[Collection entries]
BEGIN

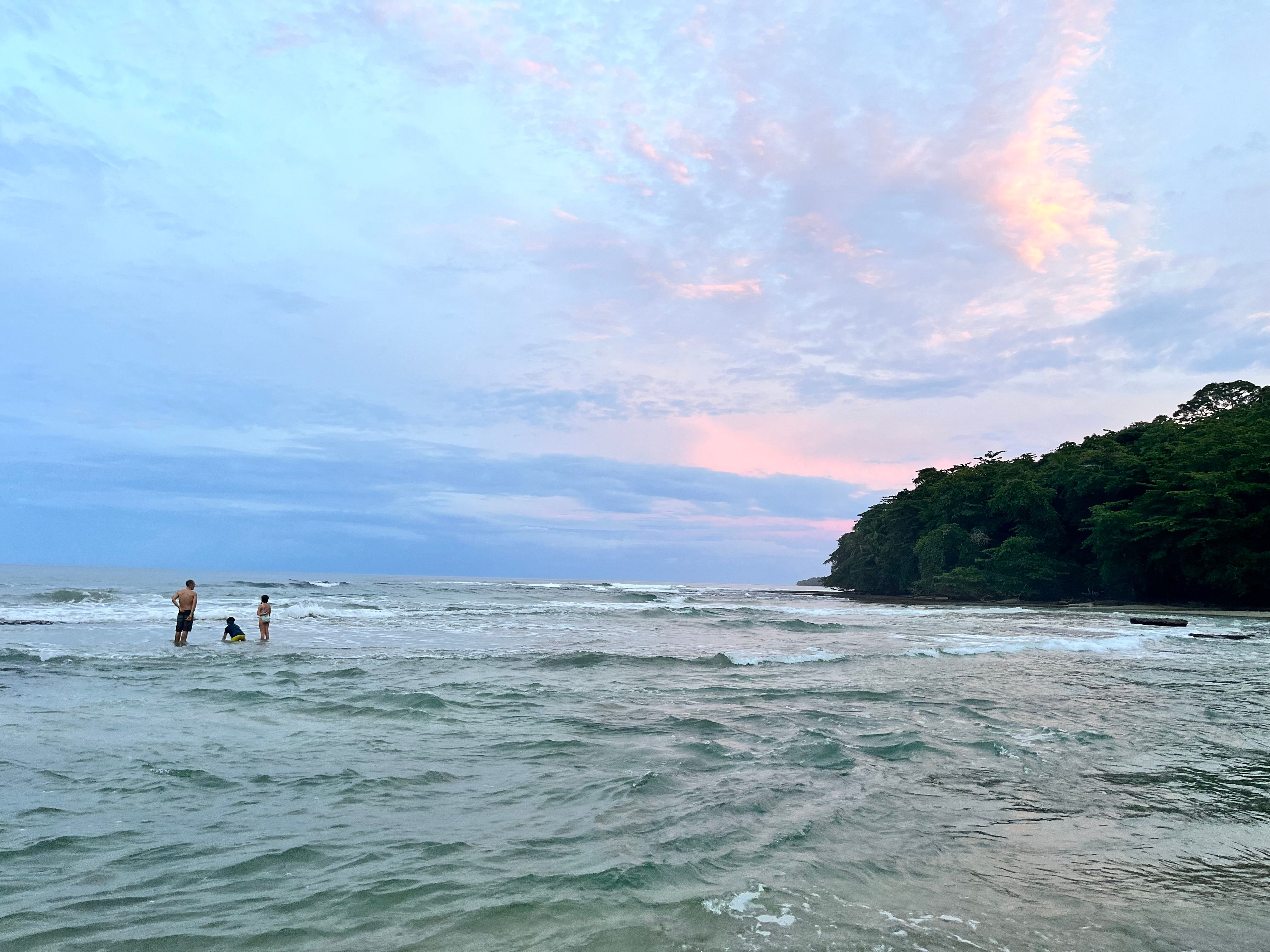 Our first trip to the Caribbean as a family was super sweet. We stayed in a great little cabin in Playa Chiquita, just south of Puerto Viejo. I haven't been back to this side of Costa Rica in 20 years so it was wild to see all of the changes. Play Chiquita was just a short walk away from our place. Once we arrived, we decided to go investigate:) The kids, armed with a bucket and their flip flops, led the way. We arrived at sunset and found the waters to be tranquil and sweet. The currents are notoriously super strong there so we took good care to be safe and played until it was dark!
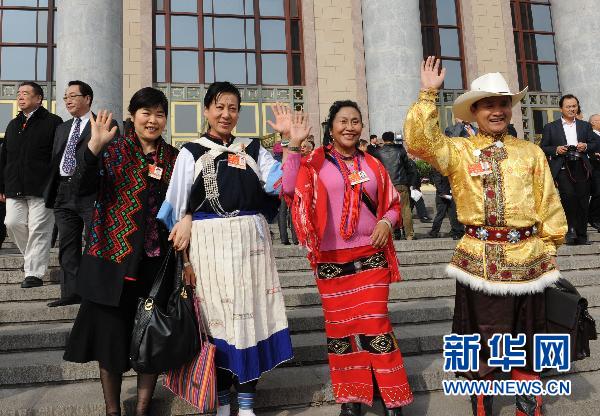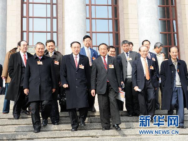 3月13日,中国人民政治协商会议第十一届全国委员会第四次会议在北京人民大会堂闭幕。这是闭幕会后,委员们步出人民大会堂。 新华社记者杨宗友摄
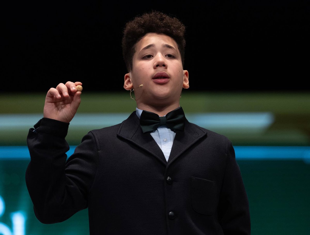 Uno de los niños canta uno de los quintos premios, el número 57421, durante el Sorteo Extraordinario de la Lotería de Navidad 2023. - Eduardo Parra - Europa Press
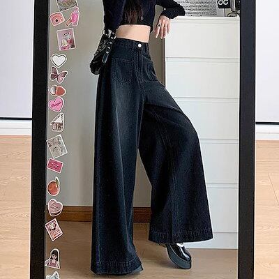 ワイドパンツ レディース デニムパンツ フレアパンツ ジーンズ ジーパン ロングパンツ 大きいサイズ ゆったり ハイウエスト バギーパンツ ボトムス ロング丈 ズボン カジュアル 大きいサイズ 美脚
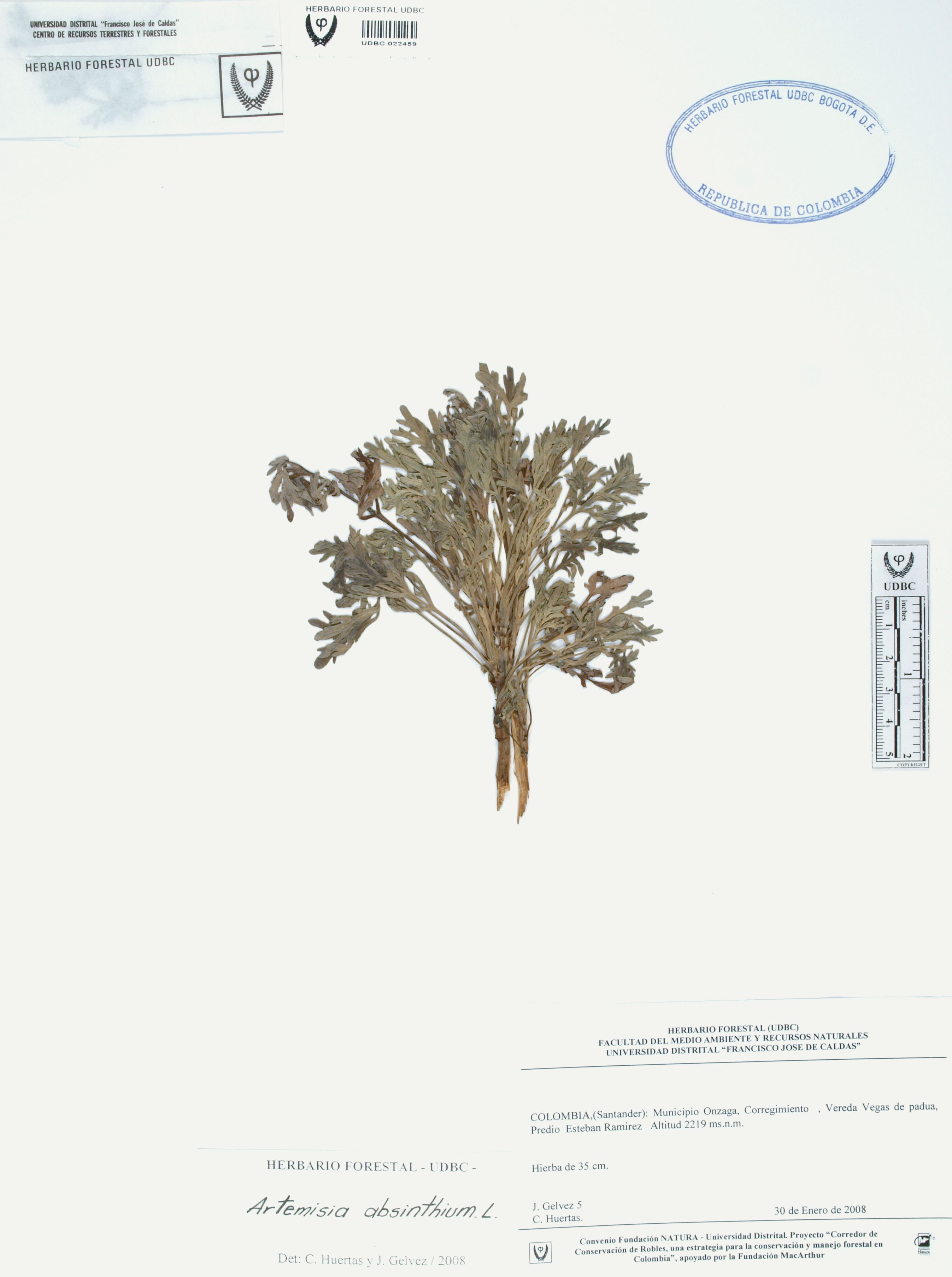 Fotografía del ejemplar Gelvez, J. 5, determinado como Artemisia absinthium en el año 2008

END

## What you have to do
From the entries above, write out every line without a single change, skipping the images.

## Response for this exercise
 Our first trip to the Caribbean as a family was super sweet. We stayed in a great little cabin in Playa Chiquita, just south of Puerto Viejo. I haven't been back to this side of Costa Rica in 20 years so it was wild to see all of the changes. Play Chiquita was just a short walk away from our place. Once we arrived, we decided to go investigate:) The kids, armed with a bucket and their flip flops, led the way. We arrived at sunset and found the waters to be tranquil and sweet. The currents are notoriously super strong there so we took good care to be safe and played until it was dark!
 3月13日,中国人民政治协商会议第十一届全国委员会第四次会议在北京人民大会堂闭幕。这是闭幕会后,委员们步出人民大会堂。 新华社记者杨宗友摄
 Uno de los niños canta uno de los quintos premios, el número 57421, durante el Sorteo Extraordinario de la Lotería de Navidad 2023. - Eduardo Parra - Europa Press
 ワイドパンツ レディース デニムパンツ フレアパンツ ジーンズ ジーパン ロングパンツ 大きいサイズ ゆったり ハイウエスト バギーパンツ ボトムス ロング丈 ズボン カジュアル 大きいサイズ 美脚
 Fotografía del ejemplar Gelvez, J. 5, determinado como Artemisia absinthium en el año 2008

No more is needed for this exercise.